Decolonizing non-Western social transformation

This research will analyze broadly resonating Western narratives on non-Western social transformation and the ways in which its agents engage with these discourses. The research has two key objectives: to explore the (potential) impact of circulating textual and visual representations, and to think about how to deal with the unequal power relations in the context of critical interdependences. The research will use the methods of textual and visual media analysis, semi-structured interviews and participant observation. It will aspire to produce the knowledge relevant beyond academia and to boldly experiment with more inclusive, dialogic and power-balancing research process. In doing so, this research will tell us more about the actual enactment of the position which is critical to both local and global unequal, discriminatory and exploitative power relations.

This research focuses on transnational links of Chinese social activist in post-Tiananmen China. It has two key objectives: to explore the dynamics of past and present global activist exchanges and support networks, and to think about how to practice decolonization of activism and its transnational support in the contexts of globally growing authoritarianism, geopolitical tensions, and unequal access to resources.
The project looks at distinct yet interconnected sites of international attention, political and collaborative interests, and Chinese activist initiatives and endeavors. First, it analyses the anglophone media reports on Chinese social activism by being attentive to the interlocked dynamics of international interest in activism, China’s inner politics and policies, and China’s position in global affairs. In this section of research, the attention is placed on the imaginary created and disseminated by the US and the UK media outlets, as well as on the diasporic alliances of the Chinese activists.
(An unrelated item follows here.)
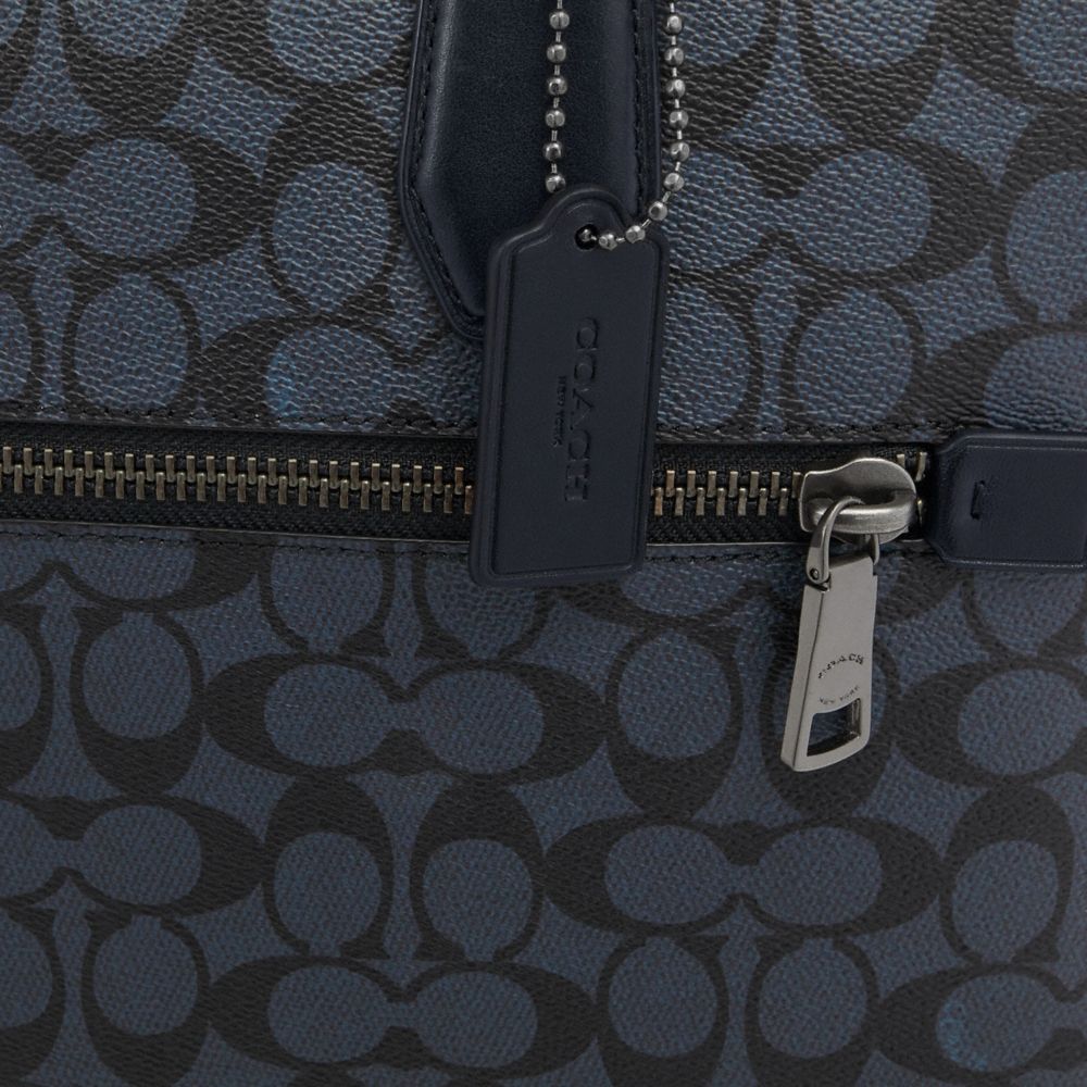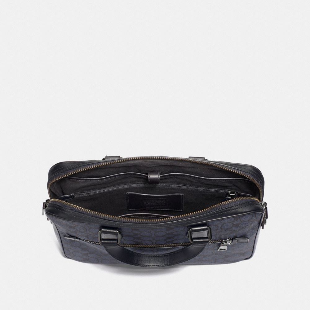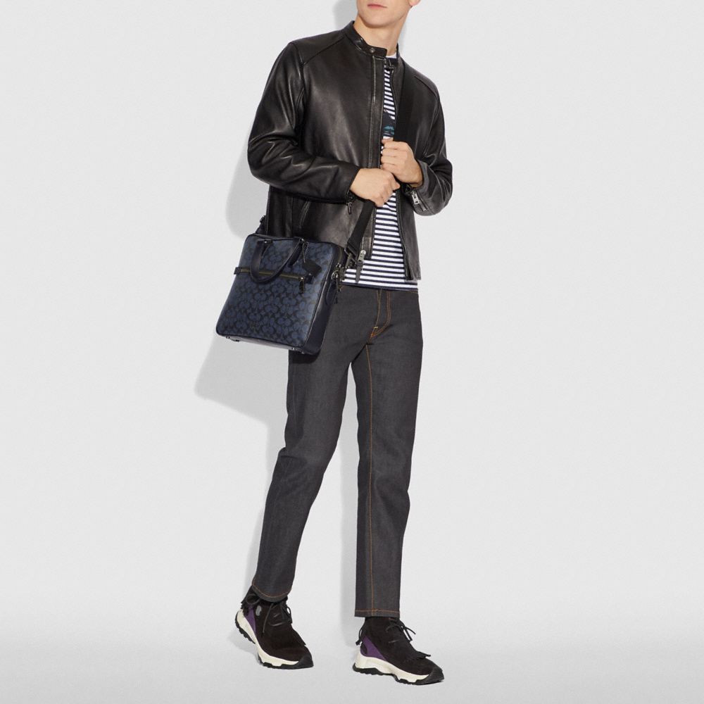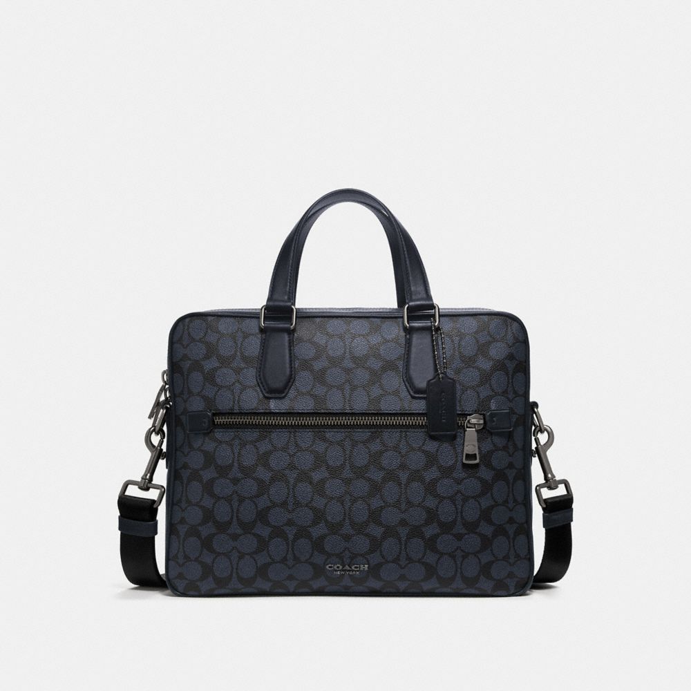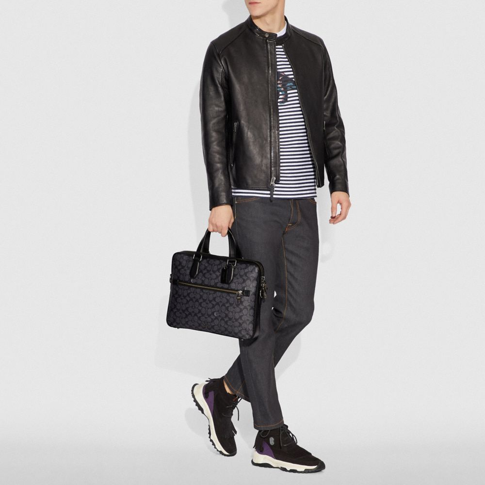Signature coated canvas and refined calf leather| Inside zip, cell phone and multifunction pockets| Inside sleeve with secure tab for a 13" laptop| Zip closure, fabric lining| Handles with 4 1/4" drop | Outside zip pocket| Detachable strap with 25" drop for shoulder or crossbody wear| 14 1/4" (L) x 11" (H) x 2" (W)

Second, this research decentres the UK- the US axes of global civil society networks and brings to the fore Sino-Nordic activists exchanges and the importance of the connections of Chinese social activists with their peers from the global South and European postsocialist contexts. Finally, an attempt to think about what it means to do decolonization as a researcher, as a supporter, and as a non-Western social activist comes to be grounded in participation and observation of a series of co-organized knowledge-sharing events and academic writing directed by the activists themselves.